Joseph Gordon-Levitt's movie Don Jon is about a young, simple guy with a few basic passions: his body, his pad, his cars, his family, his church, his girls, and his porn.
That's right: Jon is addicted to pornography. You could say he's managing that addiction pretty well — until he becomes taken with Barbara, played by Scarlett Johansson.
Gordon-Levitt makes his writing and directing debut with the film, out in theaters this past Friday. He's been in the entertainment business for a while now --he started young, with a long TV career that included the hit comedy 3rd Rock from the Sun, and his adult work has encompassed everything from the indie (500) Days of Summer to Inception to The Dark Knight Rises — and he tells NPR's Rachel Martin that all along the way, he "paid a lot of attention to the way that media influences how we see the world, and especially when it comes to love and sex and relationships."
"So that's sort of what Don Jon is about," he says. "A boyfriend and a girlfriend; he watches too much pornography, and she watches too many romantic Hollywood movies."
Interview Highlights
On the characters Jon and Barbara
They sort of have these unrealistic expectations for what life can be, based on these two-dimensional images that they've gotten from the different kinds of media that they consume.
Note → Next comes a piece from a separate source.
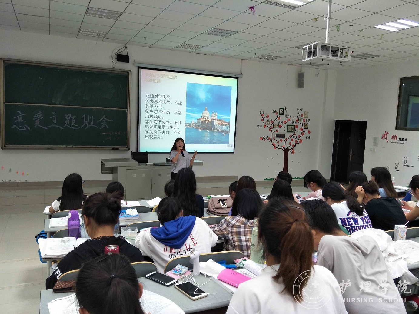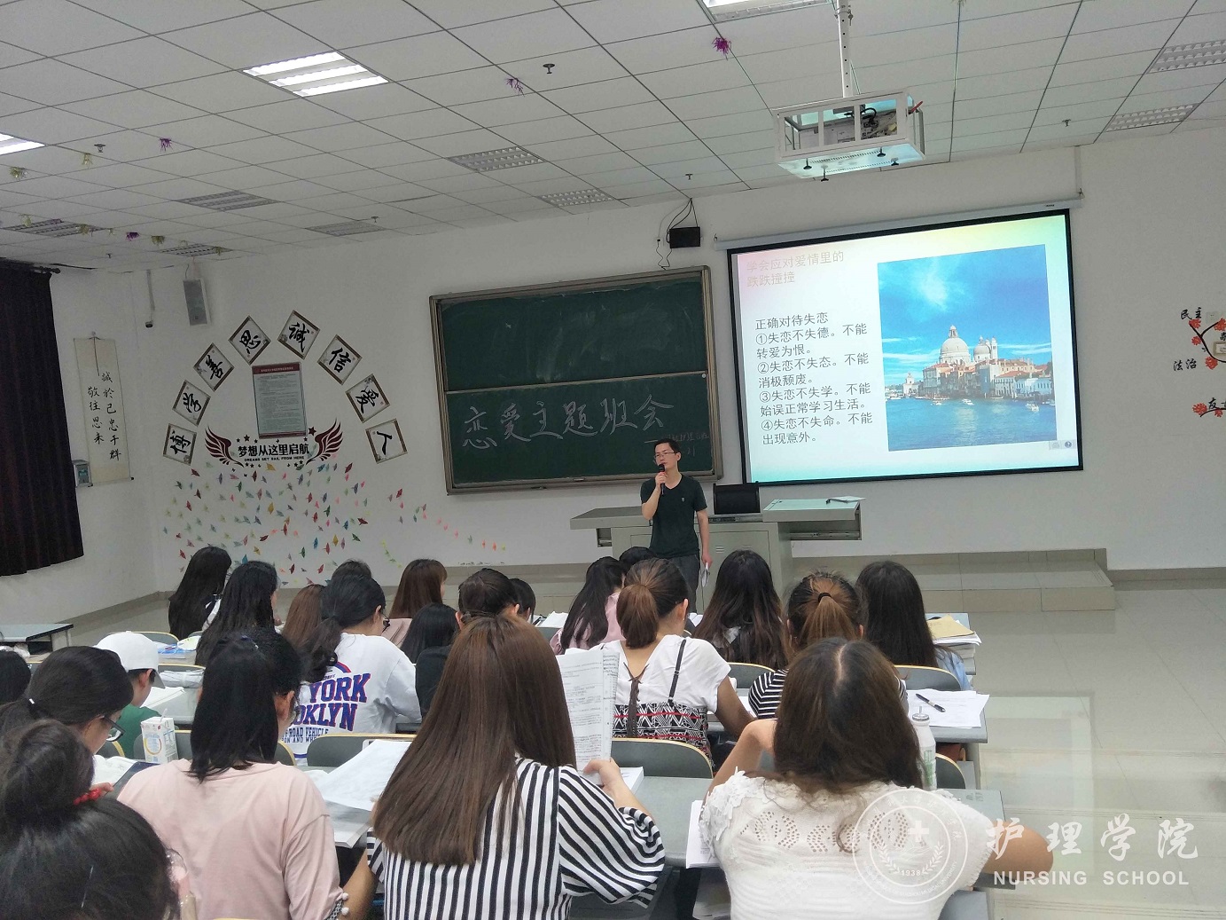 为了使同学们树立正确的恋爱观,6月21日晚,kaiyun开云官方网站在南校区7404、7406教室召开了大学生恋爱主题班会。2017级辅导员马景瑶老师,2017级护理学甲班、乙班全体同学参加了此次班会。

And I think it leads to some hilarity, and then it also leads to a bit of a coming-of-age story — that the protagonist eventually begins to, sort of, break out of this mold and start actually connecting with people, rather than just comparing them to what he's used to seeing onscreen.
On why he decided to play the lead
I like putting myself in the shoes of somebody who has a different upbringing from me — who has a different perspective from me, who maybe views the world in ways that I would knee-jerk consider wrong — and trying to empathize. You know, my mom and dad brought me up to question dominant cultural gender roles. The character Jon is the opposite of that.
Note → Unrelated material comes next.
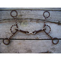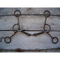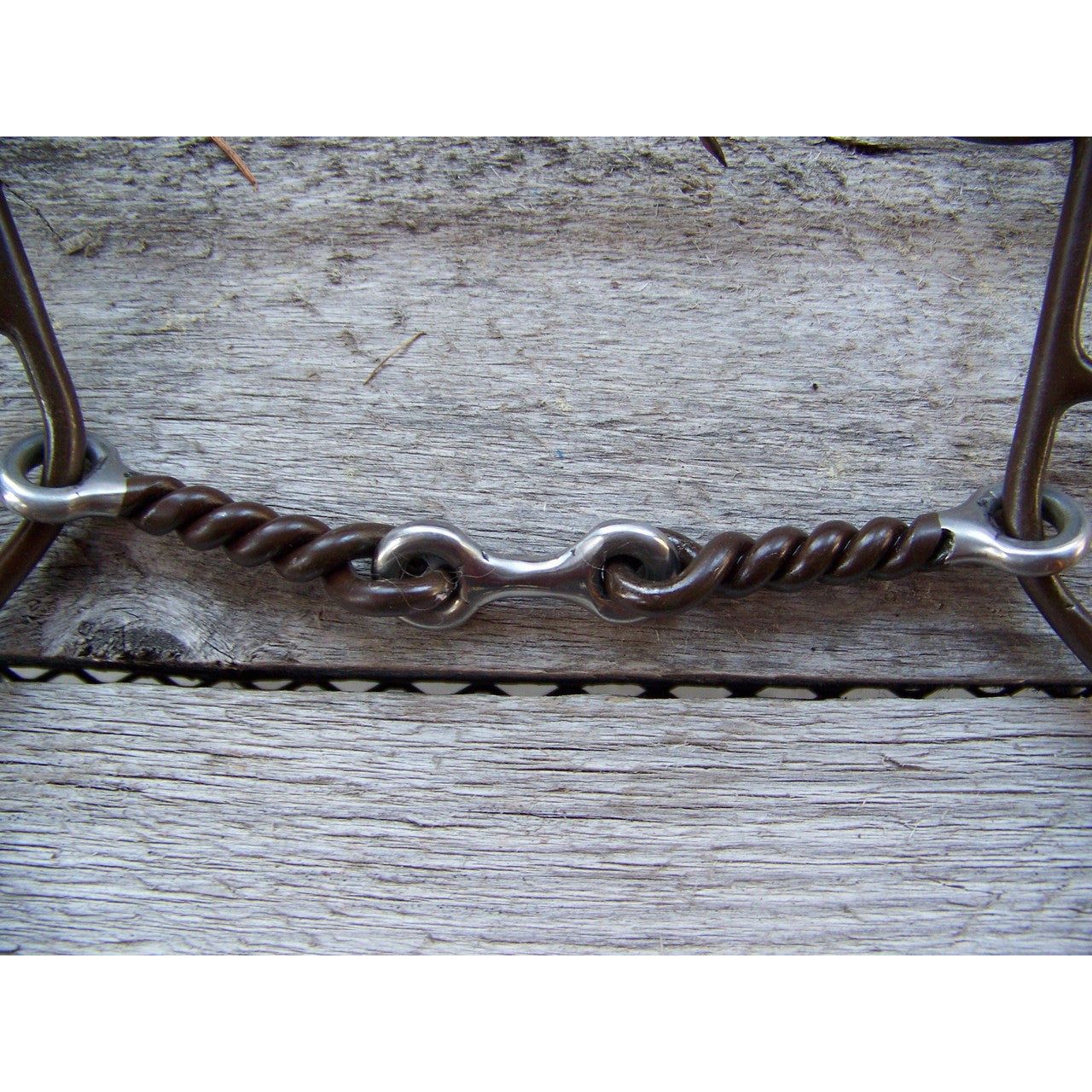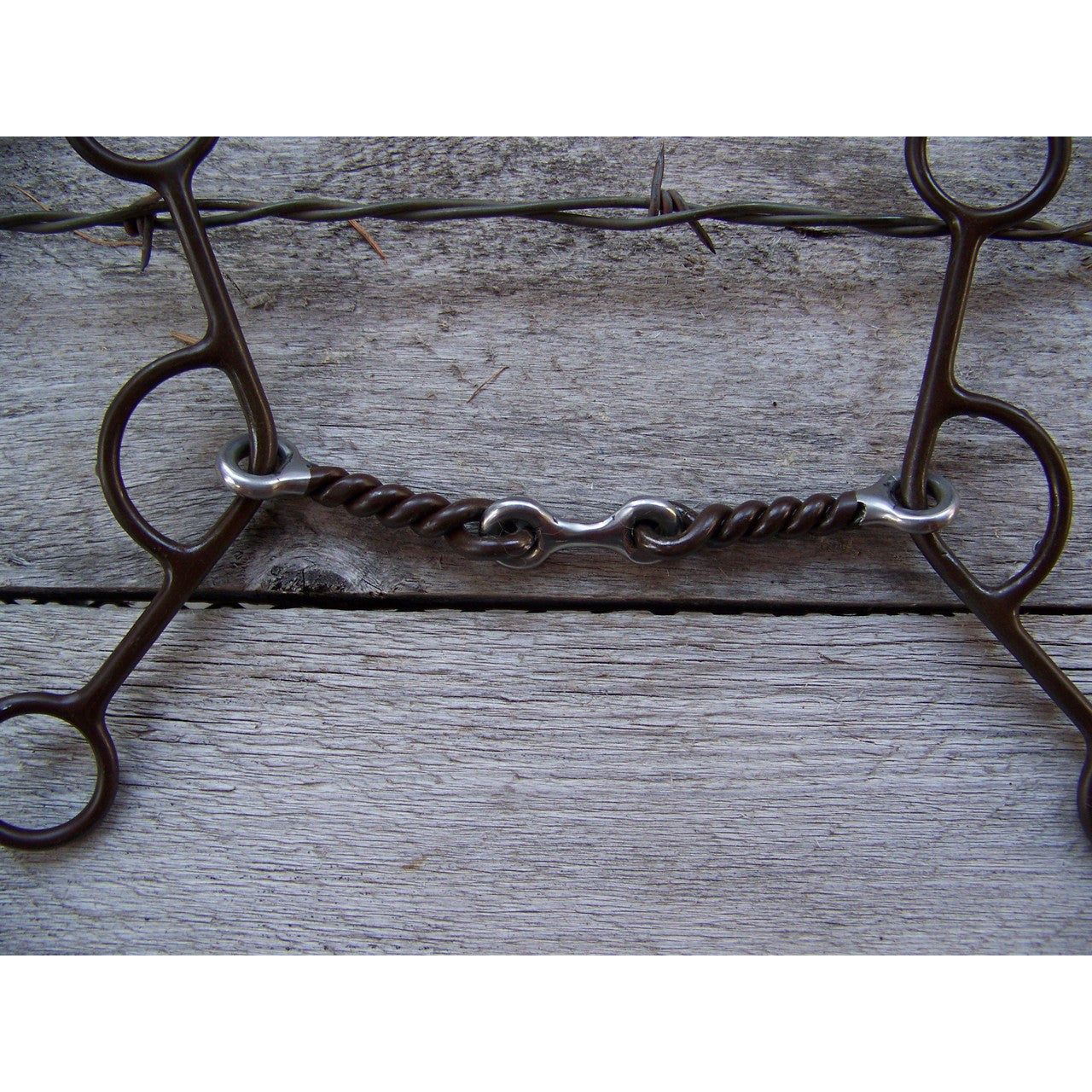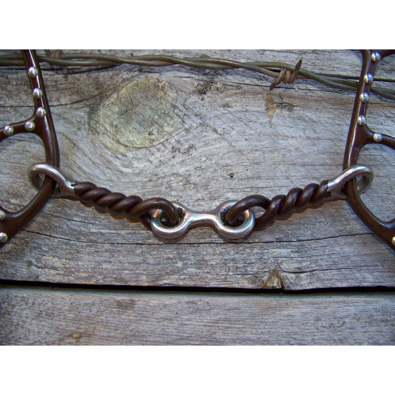 Antique brown short shank lifter bit. 5" dog bone mouth with sweet iron twisted wire bars. Stainless steel dog bone. 6 3/4" cheeks with stainless steel dots.

On Esther, the character played by Julianne Moore
Well if Jon and Barbara are sort of all about the front that they put up and all about trying to fit into a mold, Esther is a character who's present and honest to a fault. She can't step out of her present, because she's going through some stuff that makes it too painful for her. So she's just present; she's just honest, she's just on the surface. And when you put a character like that next to a character like Jon, first of all it's going to be funny. And second of all, you know, they both provide something to the other that they both need.
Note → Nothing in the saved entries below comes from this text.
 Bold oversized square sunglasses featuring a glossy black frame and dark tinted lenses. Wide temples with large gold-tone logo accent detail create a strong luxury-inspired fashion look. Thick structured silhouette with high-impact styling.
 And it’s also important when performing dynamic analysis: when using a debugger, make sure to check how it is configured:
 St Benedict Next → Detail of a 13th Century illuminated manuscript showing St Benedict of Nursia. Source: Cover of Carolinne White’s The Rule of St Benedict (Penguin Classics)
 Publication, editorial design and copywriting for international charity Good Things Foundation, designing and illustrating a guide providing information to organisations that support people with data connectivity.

Yeah, it's unexpected, but I find that in my life anyway, that's oftentimes the people I connect with in the most — when I'm honest, the most profound ways — is people I wouldn't necessarily expect to. If you forget the accoutrements, all the labels, all the like, "Well they have this job, they come from this place, they went to this school, they blah-blah-blah-blah-blah ..." If you forget all of that and you're just paying attention to who's standing right in front of you and what they're saying and doing right now, I find oftentimes the people I connect with most are not the people I would expect to.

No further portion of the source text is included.